You, Too, Can Be T. S. Eliot’s Child, and Other News

“She said she was what now?”

 

  • Things would be easier if you were the descendant of a famous writer. Doors would open. Carpets would be laid at your feet. I know what you’re thinking: you’re not born of literary royalty, and nothing will ever change that. Except: did you ever consider lying about it? This is a more effective practice than you might expect. Take Alison Reynolds, for example. Until recently she was claiming to be T. S. Eliot’s twin daughters, at the same time—even though Eliot had no children. For her troubles, she was rewarded with a few cushy theatre gigs and a handsome tax break. And sure, she’s on her way to jail, but maybe it was worth it. Robert Mendick reports, “Alison Reynolds pretended to be both Claire and Chess Eliot, who she claimed were the twin daughters of the poet.
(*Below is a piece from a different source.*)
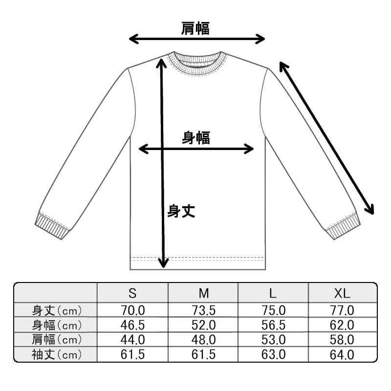 XLサイズ : 着丈約77.0cm / 身幅約62.0cm / 肩幅約58.0cm / 袖丈約64.0cm

In fact, Eliot never had any children. Reynolds, who is remanded in custody and facing a jail sentence, used wigs, stage make-up and a variety of costumes to portray herself as at least eleven different aliases over the course of a decade. Using the fake identities, she posed as a theatre producer and director and falsely claimed VAT credits in the name of bogus dramatic companies. In 2003, she moved to Burton-upon-Trent in Staffordshire … setting up The Journeyman Theatre Company and writing a play, Desperately Seeking Jake Roverton, to make her scam more compelling … The ruse was rumbled after theatre staff became suspicious that they had never seen Claire and Chess in the same room.”
  • Book clubs are a great way to foster friendships. If you’d prefer to make enemies, they’re good for that, too. Judith Newman has stories of readers’ flaring tempers: “Elizabeth St. Clair, a lawyer … had her Waterloo in a previous club over Cormac McCarthy’s All the Pretty Horses. The group consisted of several couples, including Ms. St. Clair and her boyfriend at the time. In one scene, she explains, “the main character is staying in a bunkhouse, and over the course of several nights a gorgeous strange woman comes to his bed and has sex with him. The men in the group thought this was the most romantic thing ever — dark, anonymous sex with no consequences. The women, on the other hand, were guffawing. When they pointed out that this was entirely a male fantasy, that few women would relish the prospect of anonymous sex with a possibly unattractive stranger in a bunk bed, the men felt insulted. ‘Tensions were already high and everything kind of escalated,’ Ms. St. Clair added. ‘People walked out.’ ”

  • Floods: bad for life, good for art. Peter Coates writes of the wellspring of music and writing that came from the 1927 Mississippi flood: “Since the resonance within American culture of the river known as ‘Father of Waters,’ ‘Ol’ Man River,’ and ‘Big Muddy’ matches its ecological and economic significance, it comes as no surprise that the cultural fallout from the shock of 1927 was also enormous—the only comparable phenomenon is the musical inspiration provided by the boll weevil cotton pest, as recounted in James Giesen’s Boll Weevil Blues … even before the waters subsided, Bessie Smith had released ‘Back-Water Blues,’ followed by ‘Muddy Water (A Mississippi Moan),’ and the country singer Vernon Dalhart had recorded ‘The Mississippi Flood.’ Daniel also listed Sippie Wallace’s ‘The Flood Blues,’ Ernest Stoneman’s ‘Mighty Mississippi’ and ‘Blind Lemon’ Jefferson’s ‘Rising High Water Blues’ as notable flood songs … The catastrophe was also crucial in launching the literary careers of William Faulkner (twenty-nine in 1927) and another novelist, Richard Wright (who was just eighteen, and joined the Great Migration northwards in 1927), as well as a major event for already prominent African American writers and public figures such as W. E. B. Du Bois, Walter White (soon to become executive secretary of the National Association for the Advancement of Colored People) and Ida B. Wells-Barnett (notable critic of discriminatory and authoritarian Red Cross relief practices).”
  • Until recently, Osama Alomar, a Syrian immigrant, was driving a cab to finance his fiction writing. Now, after six years, he’s been able to give that up. Here’s Mythili G. Rao on Alomar’s new book, The Teeth of the Comb: “These are very short stories—they might be called flash fiction in the U.S., but in the Middle East they are known as al-qissa al-qasira jiddan. There, the genre has a rich, ancient history, and, in recent decades, repression and unrest have brought the style back into fashion. Very short stories can be published and circulated quickly; their political critique is often sharp but also oblique enough to evade censorship. [Alomar’s translator C. J.] Collins told me that there’s a ‘kind of Arabic literature that wins international prizes and gets translated quickly into English but that doesn’t reflect the popular literature.’ By contrast, he said, ‘Osama’s work comes from the popular tradition. Even though his stuff gets billed as experimental over here, it was designed to have a popular appeal in the Arab world.’ ”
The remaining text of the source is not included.